In 1312, Goa came under the governance of the Delhi Sultanate. The kingdom's grip on the region was weak, and by 1370 it was forced to surrender it to Harihara I of the Vijayanagara empire. The Vijayanagara monarchs held on to the territory until 1469, when it was appropriated by the Bahmani sultans of Gulbarga. After that dynasty crumbled, the area fell into the hands of the Adil Shahis of Bijapur, who established as their auxiliary capital the city known under the Portuguese as Velha Goa (or Old Goa).
The Se Cathedral at Old Goa, an example of Portuguese architecture and one of the largest churches in Asia.
The Mahadeva Temple, attributed to the Kadamba period.
In 1510, the Portuguese defeated the ruling Bijapur sultan Yousuf Adil Shah with the help of a local ally, Timayya. They set up a permanent settlement in Velha Goa. This was the beginning of Portuguese rule in Goa that would last for four and a half centuries, until its annexation in 1961.

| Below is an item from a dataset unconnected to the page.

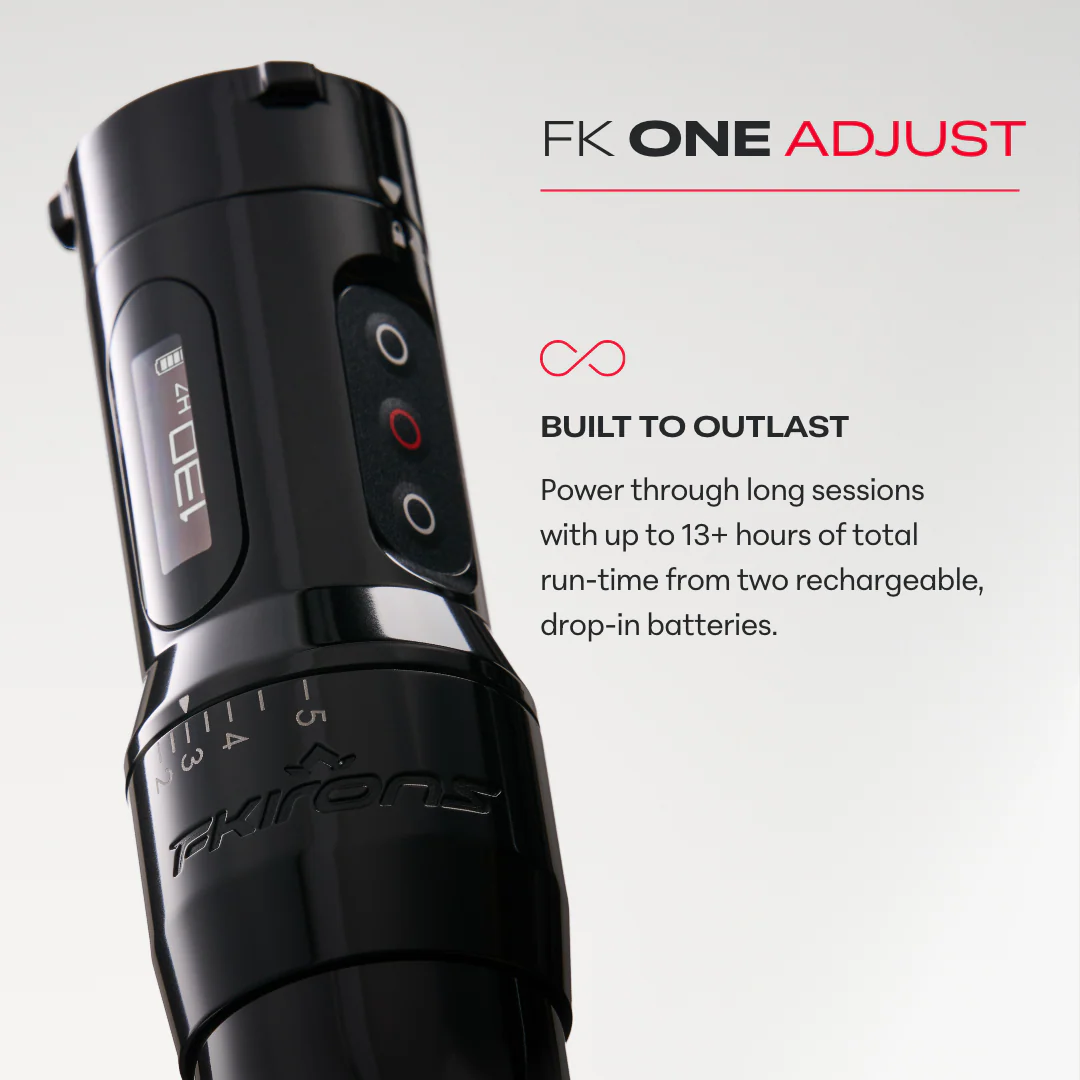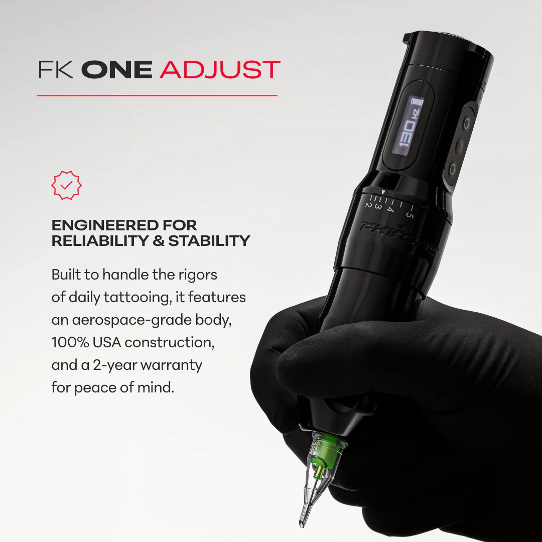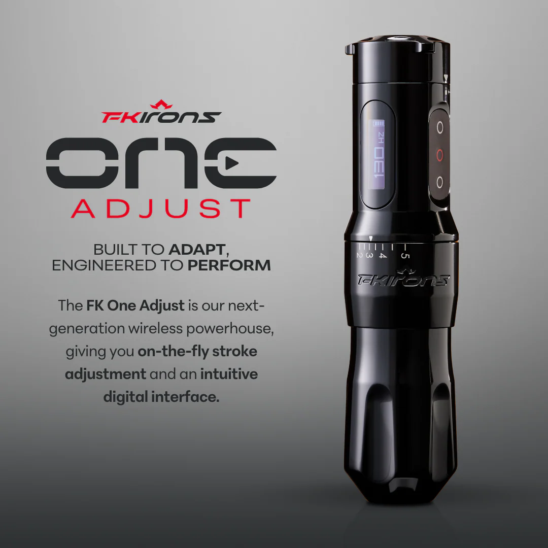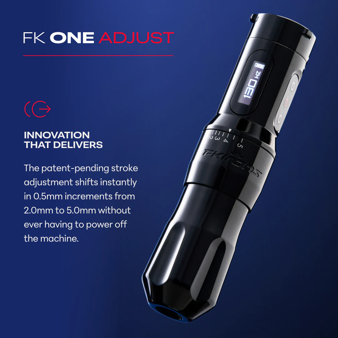 Enjoy versatility with no limitations when you tattoo with the FK One Adjust. The FK One Adjust is built to adapt to any style, so you can pursue any project for any client. This patent-pending stroke adjustment technology delivers effortless adaptability, so you can tackle any technique on the fly. Easily adjust your stroke mid-session without ever having to power off your machine. One setup handles everything: no need for swapping machines or cams mid-session.

In 1843 the Portuguese moved the capital to Panaji from Velha Goa. By the mid-18th century, Portuguese Goa had expanded to most of the present-day state limits. Simultaneously the Portuguese lost other possessions in India until their borders stabilised and formed the Estado da Índia Portuguesa or State of Portuguese India, of which Goa was the largest territory.
After India gained independence from the British in 1947, India requested that Portuguese territories on the Indian subcontinent be ceded to India. Portugal refused to negotiate on the sovereignty of its Indian enclaves. On 19 December 1961, the Indian Army invaded with Operation Vijay resulting in the annexation of Goa, and of Daman and Diu islands into the Indian union. Goa, along with Daman and Diu, was organised as a centrally administered union territory of India. On 30 May 1987, the union territory was split, and Goa was made India's twenty-fifth state, with Daman and Diu remaining a union territory.